- **WHAT IS BEING ASKED**:
Print the lines below word for word, beginning with the first and ending with the line that holds "Текстура. Маленькие цветы", and skip every picture.

******************************

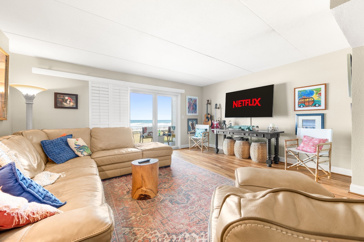 Top floor, direct ocean front, 2 bedroom, 2 bathroom corner unit condo with elevator and unobstructed beach views from both bedrooms, living room, dining room, kitchen and private balcony in beautiful St Augustine Ocean and Racquet Resort. We also offer the condo immediately next door for rent, Ocean Front Escape: https://www.airbnb.com/h/saint-augustine-oceanfrontescape. Our checkin process is contact free. We use a Nest lock on the front door.
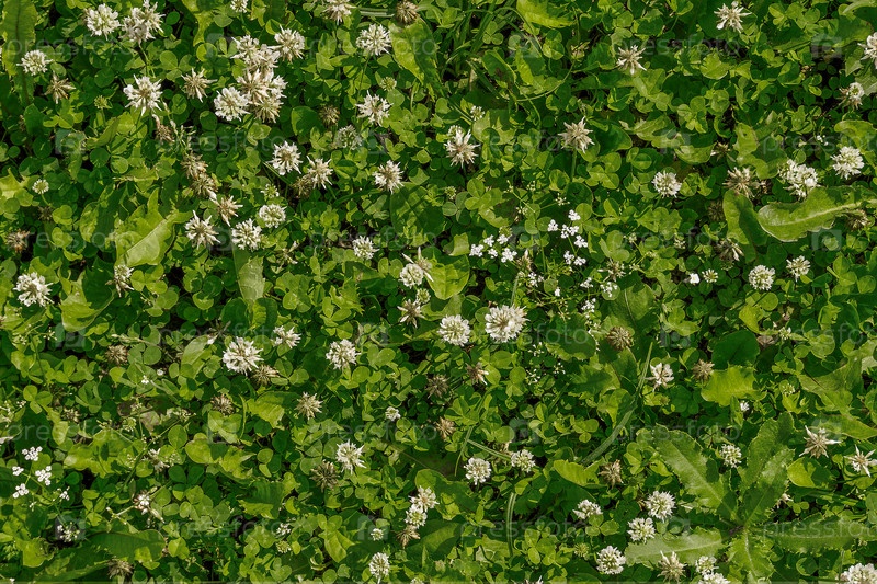 Текстура. Маленькие цветы белого клевера гармонично расположены на зеленой траве
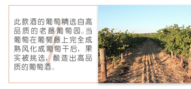 此款酒的葡萄精選自高品質(zhì)的老藤葡萄園。當(dāng)葡萄在葡萄藤上完全成熟風(fēng)化成葡萄干后,果實(shí)被挑選,釀造出高品質(zhì)的葡萄酒。
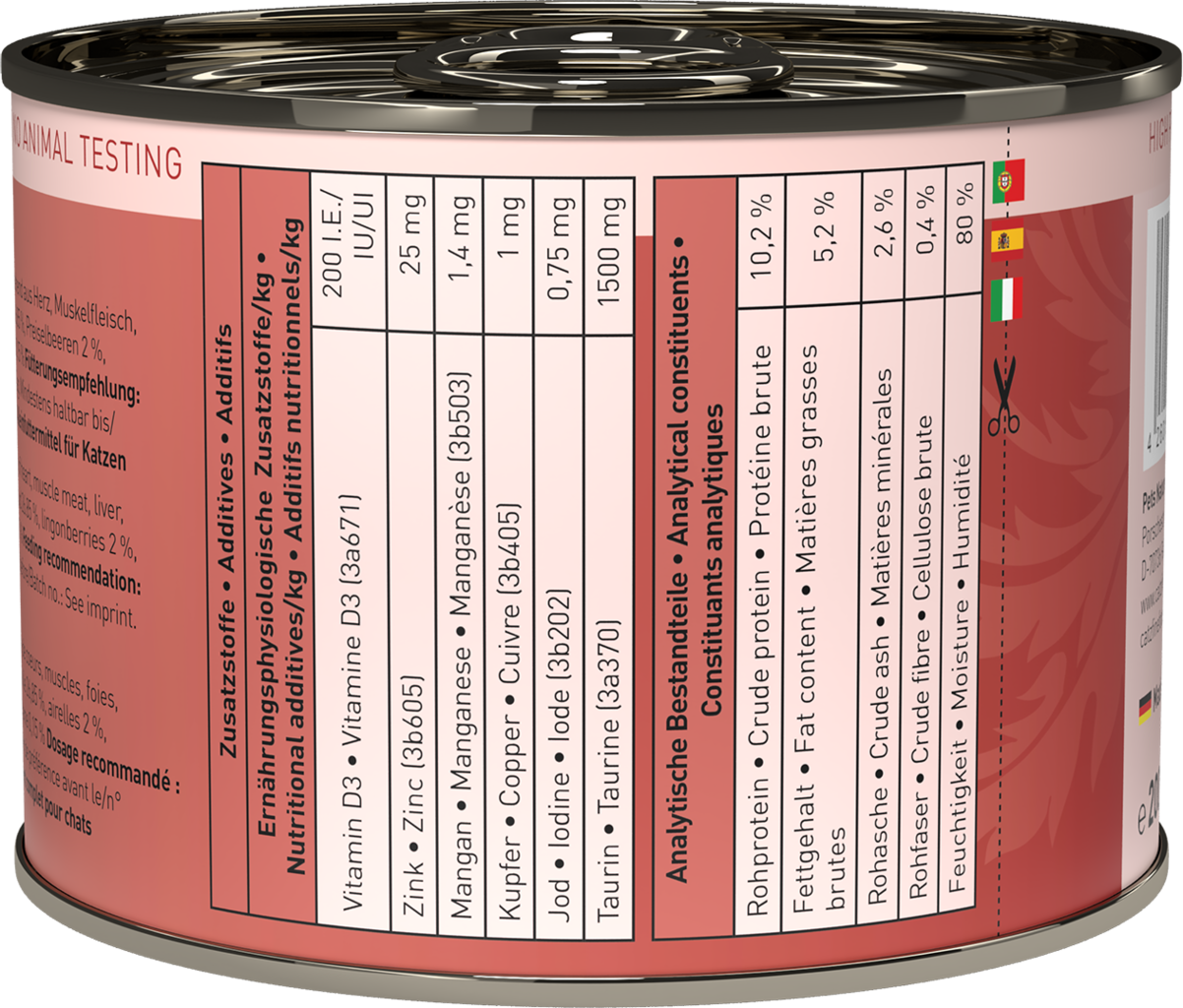 - Plus de 93% de viande, poisson, fruits de mer, abats et bouillon de cuisson, complétés par des légumes, des fruits, des herbes et des huiles précieuses, comme cela correspond au contenu de l'estomac des proies
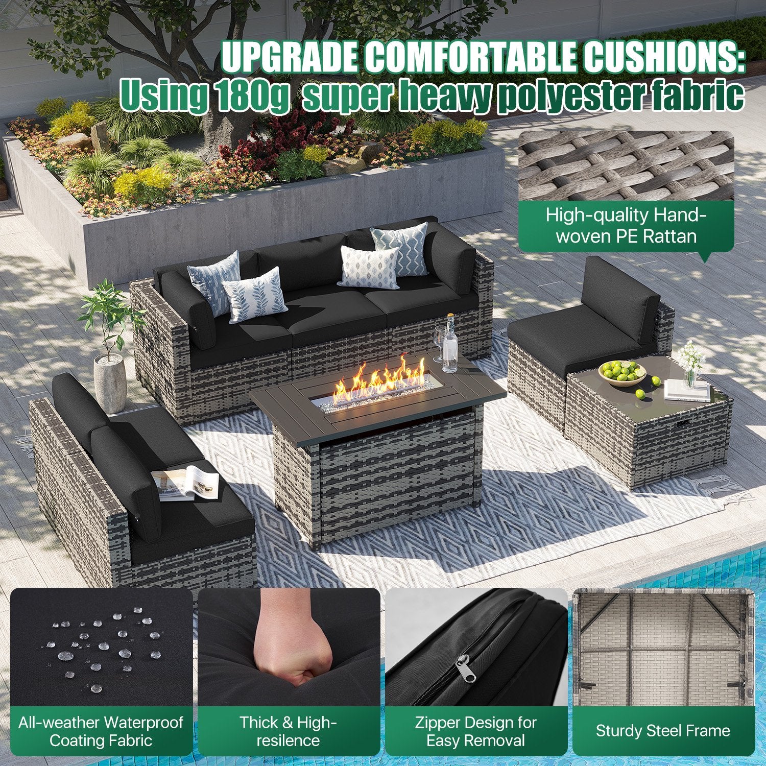 Clouddwell 12 Piece Patio Furniture Set with 44” Fire Pit Table Wicker Rattan Patio Conversation Set Outdoor Sectional Sofa Set with Coffee Table and Black Cushions(Waterproof Cover Included)
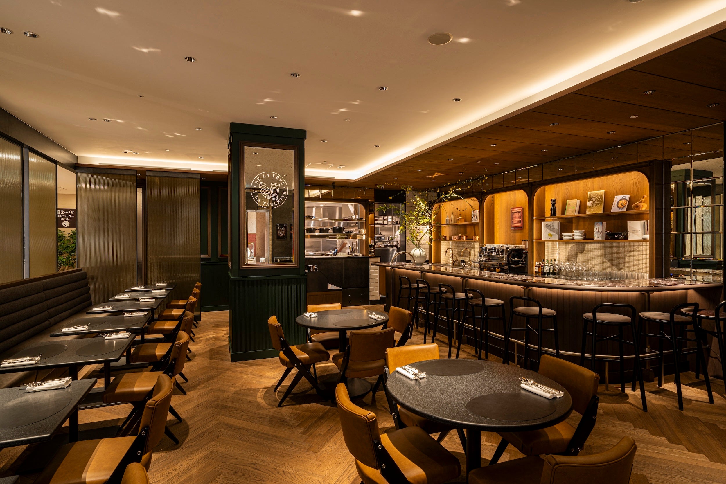 アラン・デュカスの哲学を取り入れ、クラシックとモダンを融合させた空間。天然木と天然石にスチールの質感を合わせ、ダークグリーンとゴールドのアクセントを効かせた空間は洗練されながらも心地よく、どこか親しみやすさを感じさせます。メインダイニングに加え、カウンター席、ボックスシート席、個室をご用意。入り口には「ル・ショコラ・アラン・デュカス」「ル・ビスキュイ・アラン・デュカス」のブティックも併設しました。

******************************

- **ANSWER AREA**:
 Top floor, direct ocean front, 2 bedroom, 2 bathroom corner unit condo with elevator and unobstructed beach views from both bedrooms, living room, dining room, kitchen and private balcony in beautiful St Augustine Ocean and Racquet Resort. We also offer the condo immediately next door for rent, Ocean Front Escape: https://www.airbnb.com/h/saint-augustine-oceanfrontescape. Our checkin process is contact free. We use a Nest lock on the front door.
 Текстура. Маленькие цветы белого клевера гармонично расположены на зеленой траве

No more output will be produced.